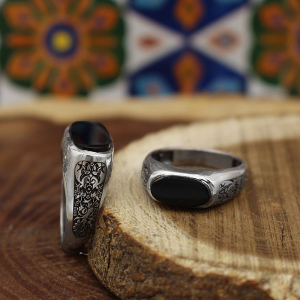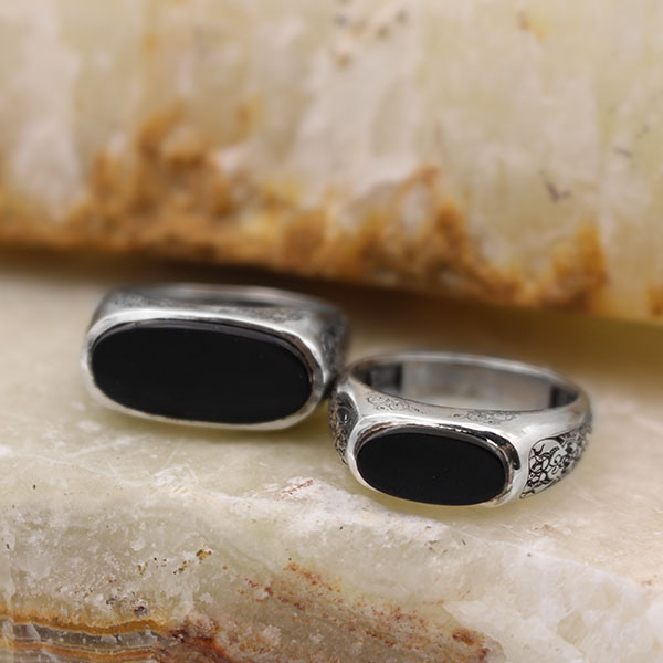 انگشتر ست عقیق مشکی نقره مردانه و زنانه طرح کیان
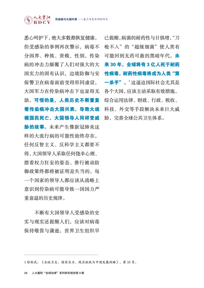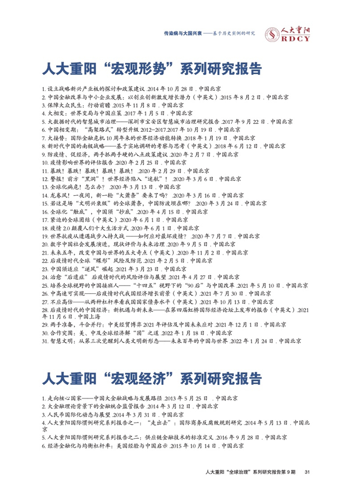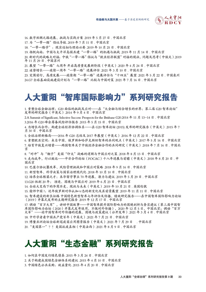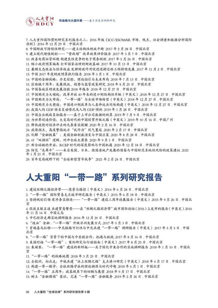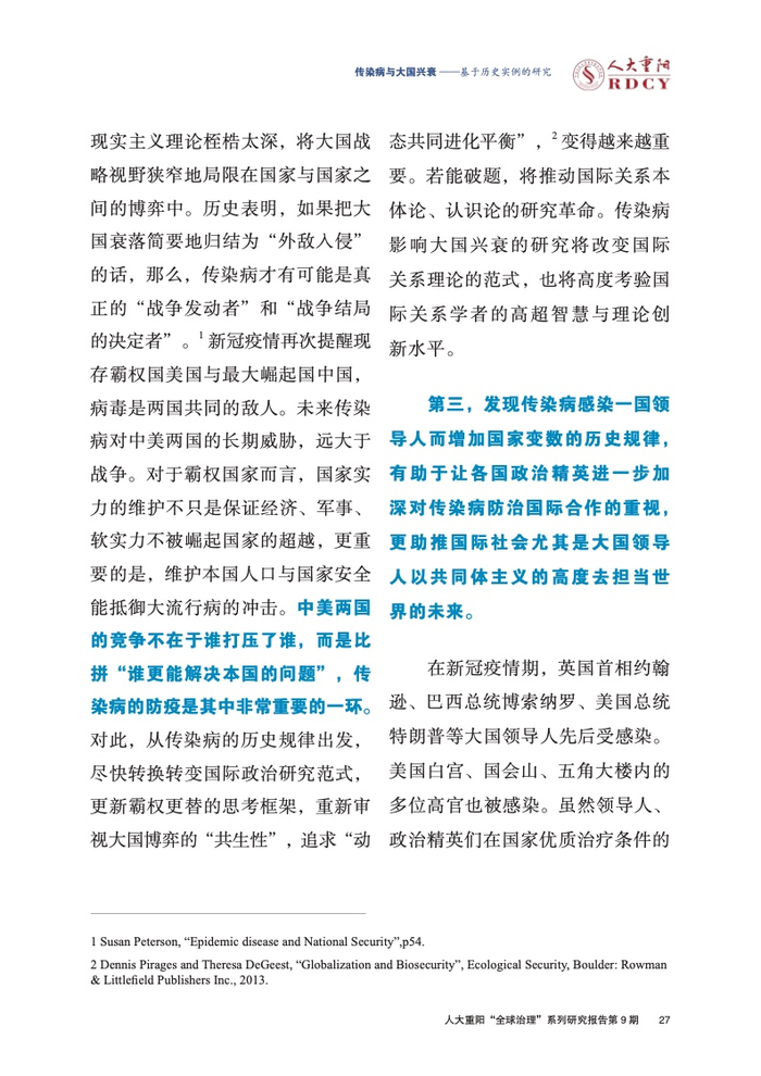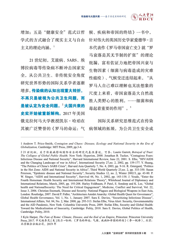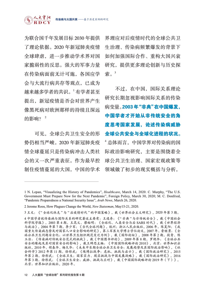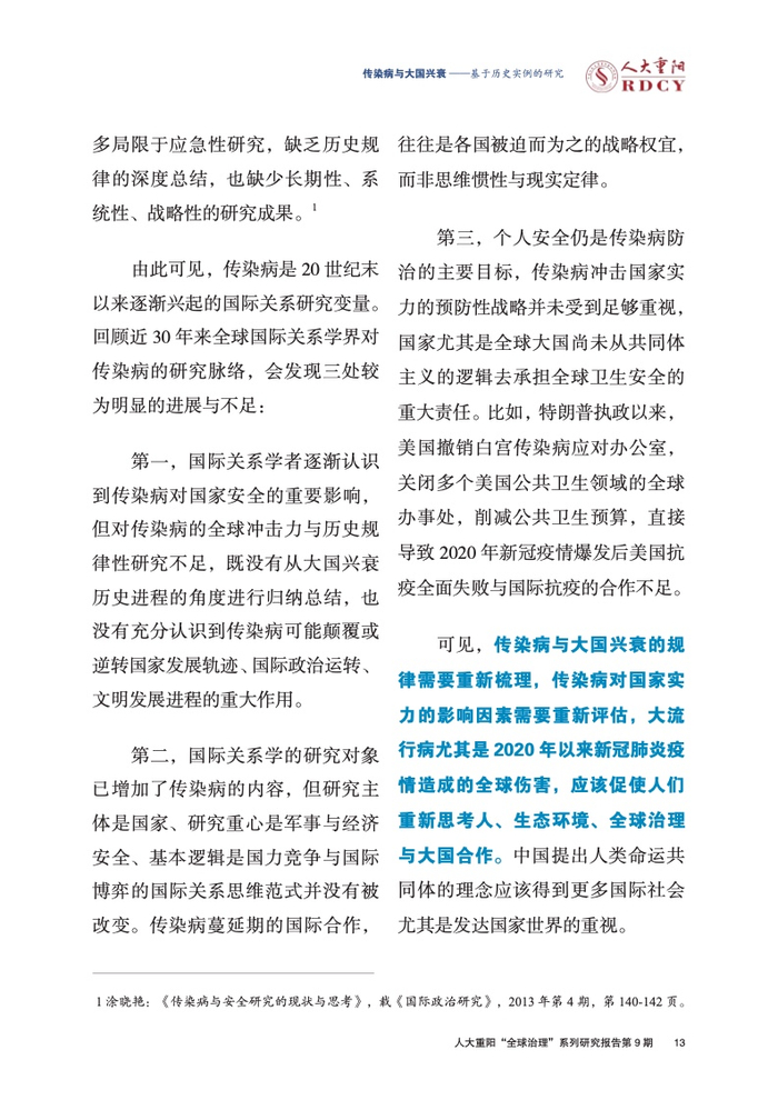 ●传染病影响大国兴衰的实例研究长期被学术界忽视。本报告回顾与梳理国际关系学界对传染病变量的认知演进进程,总结历史上传染病影响大国兴衰的三大规律,梳理三种影响大国兴衰的传染病类型,挖掘传染病作为大国兴衰新变量的传导逻辑与历史规律。
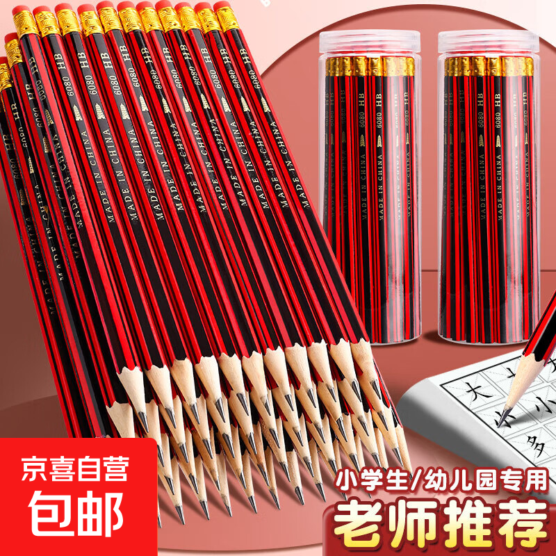 开学必备【2B】经典红杆铅笔经典红黑抽条 六角实木铅笔 学生书写美术素描绘图木质铅笔带橡皮擦 【买5送5】10支2B铅笔
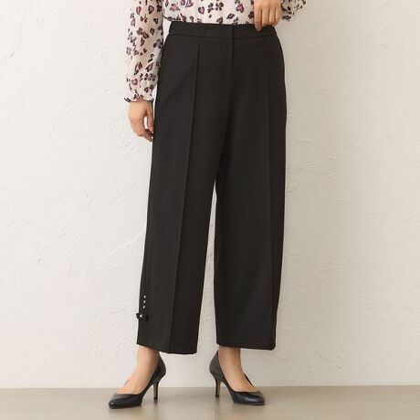 センターにつまみピンタックを施した、すっきりとした印象のワイドパンツ。ノンタック仕様で腰回りをきれいに見せつつ、ウエスト後ろにのみギャザーを寄せた平ゴム入りで快適なフィット感を実現しました。裾のモチーフは取り外し可能です。
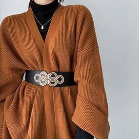brede elastische tailleband voor dames met vintage metalen gesp – modieuze stretchriem voor jurken, tunieken en blouses – verkrijgbaar in zwart, rood en bruin
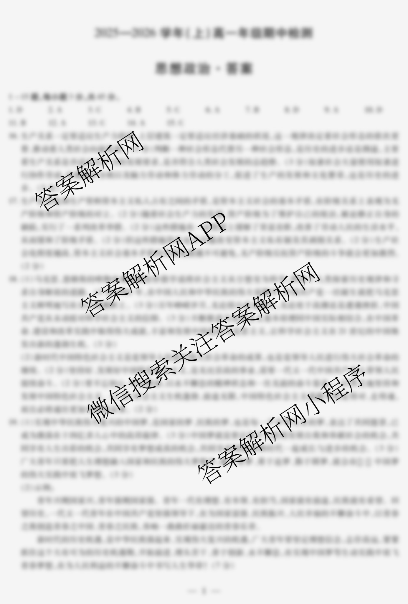 - 2025-2026(天一大联考)·河南省学年(上)[高一]年级期中检测政治答案
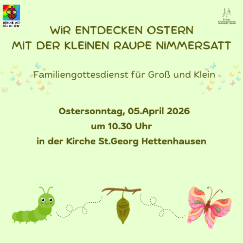 | 10:30 | Kirche St. Georg Hettenhausen | Familiengottesdienst für Groß und Klein | ||
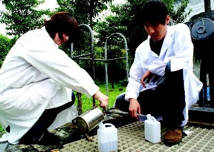 8月26日上午,在临沂首创水务有限公司(临沂市污水处理厂)的污水进水口,工作人员正在将进厂的污水装进透明的塑料桶内准备监测。据介绍,目前该厂每天可处理污水15万吨,经处理水质已达到了国家1级A标准,每天处理后的1万吨中水,将用于电厂生产用水、市政用水和陷泥河景观用水。
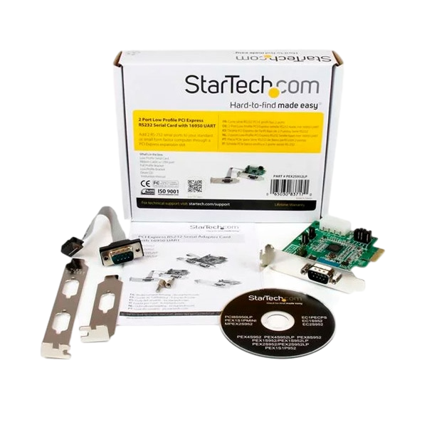 La Tarjeta PCI Express Serie de perfil bajo/altura media, PEX2S952LP permite convertir una ranura PCI Express en dos conexiones serie RS232 (DB9). La tarjeta está basada en un diseño de chip único nativo que permite aprovechar todo el potencial de PCI Express (PCIe), y reducir la carga aplicada al CPU en un 48% en relación con las tarjetas de puerto serie convencionales.
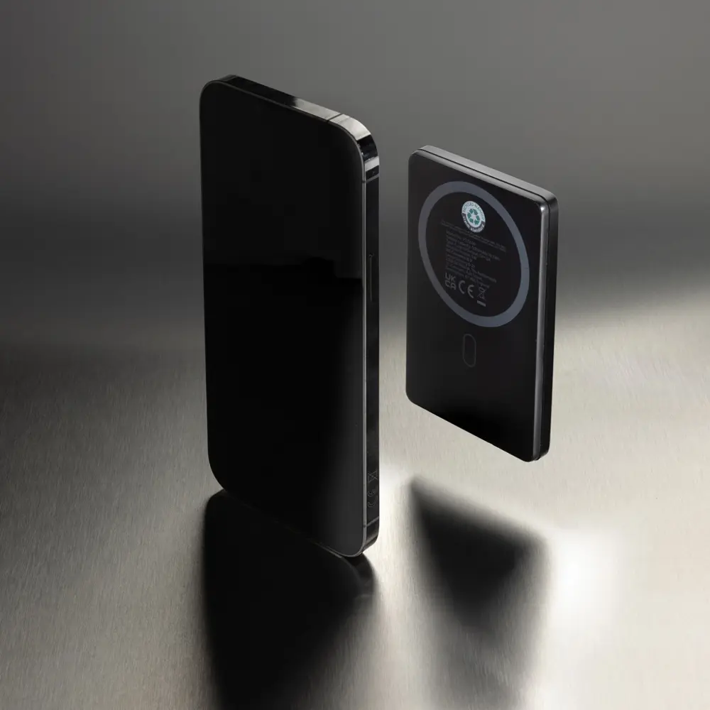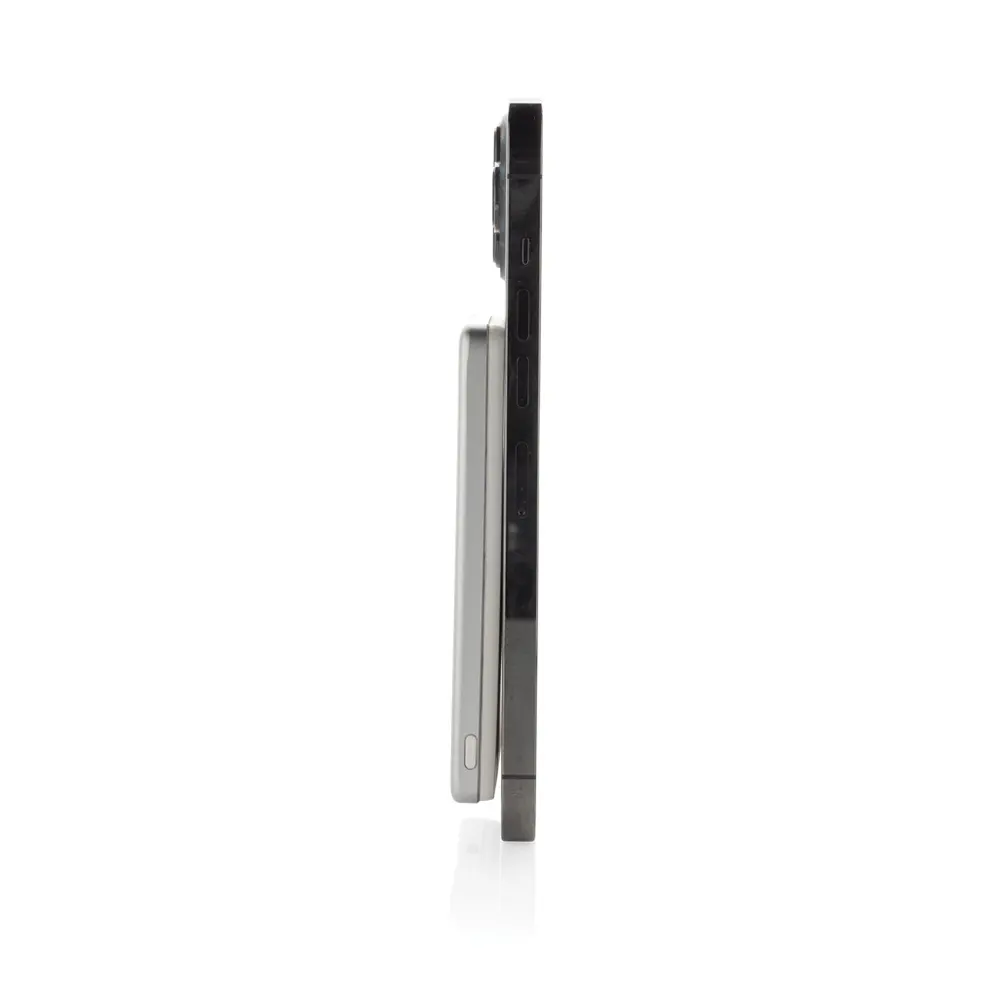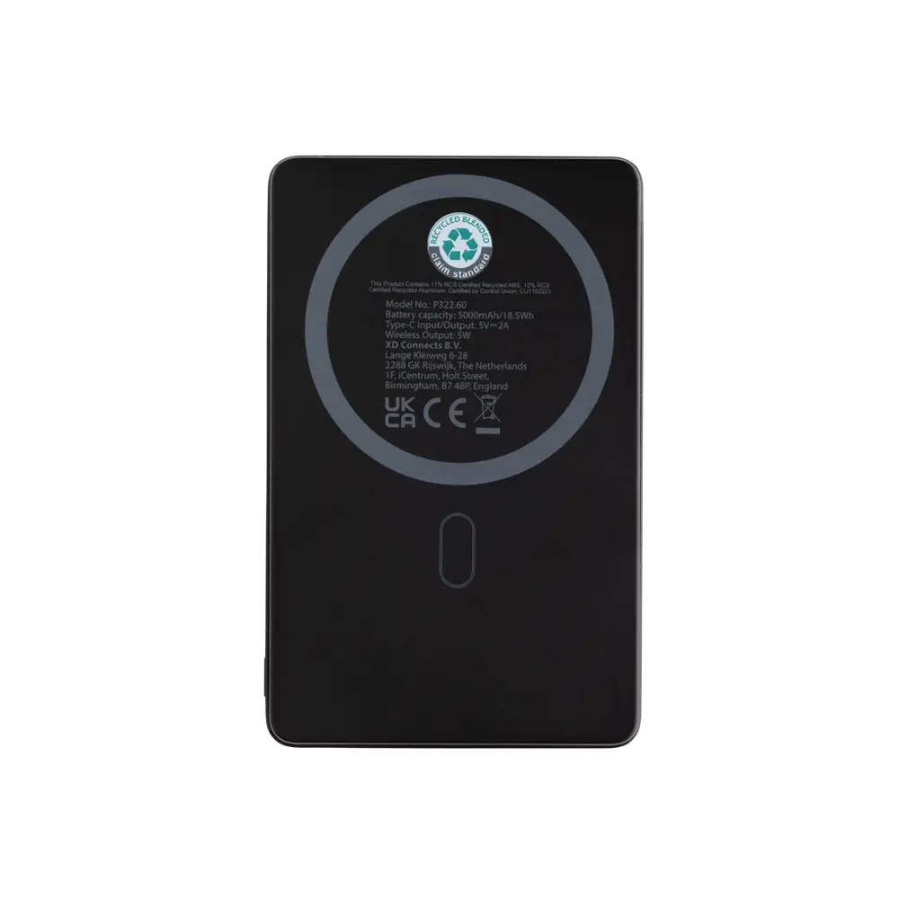 Ontdek deze ultradunne powerbank met ingebouwde 5W magnetische draadloze oplader, ideaal voor uw marketingacties en relatiegeschenken. Gemaakt van RCS-gecertificeerd gerecycled aluminium en gerecycled ABS-plastic, voldoet het product aan strenge normen voor gerecycled gehalte: 23% op basis van het totale gewicht. De duurzame grade A 5.000 mAh lithium-polymeerbatterij zorgt voor betrouwbare energie, terwijl stroomindicatoren u altijd op de hoogte houden van het resterende niveau.
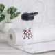 A white and red kitsune fox mask atop the kanji character for "kitsune."
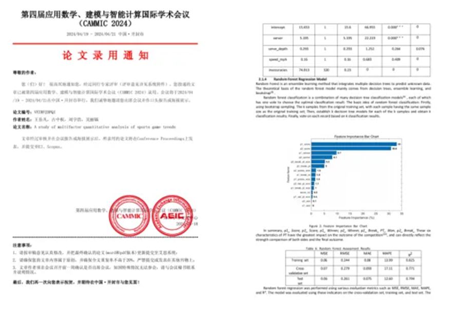 此外,优秀数模作品还能转化为学术成果。曾参赛获奖的王岳凡团队编写的论文,已被第四届应用数学、建模与智能计算国际学术会议(CAMMIC 2024)录用,将在 EI、Scopus 收录的会议论文集上发表,为升学深造增添重要砝码。
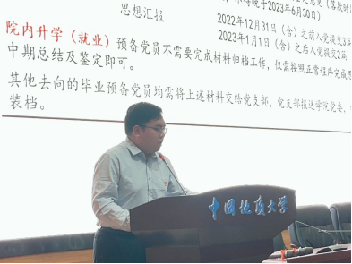 最后,蔡杨讲授院本文化及感恩诚信教育。蔡杨以征信知识为引,教育全体毕业生党员要以诚信为魂,廉洁为根,并深刻阐述了校训精神和学院文化,愿开云官网毕业生党员牢记教诲,终身不褪“地大经管色”,成长为德智体美劳全面发展的社会主义事业建设者和接班人!
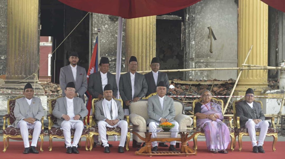 काठमाडौं- राष्ट्रपति रामचन्द्र पौडेलसमक्ष चार जना नवनियुक्त मन्त्रीहरुले आज पद तथा गोपनीयताको शपथ लिनुभएको छ। राष्ट्रपतिको कार्यालय शीतल निवासमा आयोजित विशेष कार्यक्रममा उहाँहरुले शपथ ग्रहण गर्नुभएको हो।

━━━━━━━━━━━━━━━━━━━━

Beginning with the first line of the records and ending with the line that contains "8月26日上午,在临沂首创水", reproduce every line exactly, omitting pictures and adding nothing.

RESULT OF THE TASK -
 انگشتر ست عقیق مشکی نقره مردانه و زنانه طرح کیان
 ●传染病影响大国兴衰的实例研究长期被学术界忽视。本报告回顾与梳理国际关系学界对传染病变量的认知演进进程,总结历史上传染病影响大国兴衰的三大规律,梳理三种影响大国兴衰的传染病类型,挖掘传染病作为大国兴衰新变量的传导逻辑与历史规律。
 开学必备【2B】经典红杆铅笔经典红黑抽条 六角实木铅笔 学生书写美术素描绘图木质铅笔带橡皮擦 【买5送5】10支2B铅笔
 センターにつまみピンタックを施した、すっきりとした印象のワイドパンツ。ノンタック仕様で腰回りをきれいに見せつつ、ウエスト後ろにのみギャザーを寄せた平ゴム入りで快適なフィット感を実現しました。裾のモチーフは取り外し可能です。
brede elastische tailleband voor dames met vintage metalen gesp – modieuze stretchriem voor jurken, tunieken en blouses – verkrijgbaar in zwart, rood en bruin
 - 2025-2026(天一大联考)·河南省学年(上)[高一]年级期中检测政治答案
 | 10:30 | Kirche St. Georg Hettenhausen | Familiengottesdienst für Groß und Klein | ||
 8月26日上午,在临沂首创水务有限公司(临沂市污水处理厂)的污水进水口,工作人员正在将进厂的污水装进透明的塑料桶内准备监测。据介绍,目前该厂每天可处理污水15万吨,经处理水质已达到了国家1级A标准,每天处理后的1万吨中水,将用于电厂生产用水、市政用水和陷泥河景观用水。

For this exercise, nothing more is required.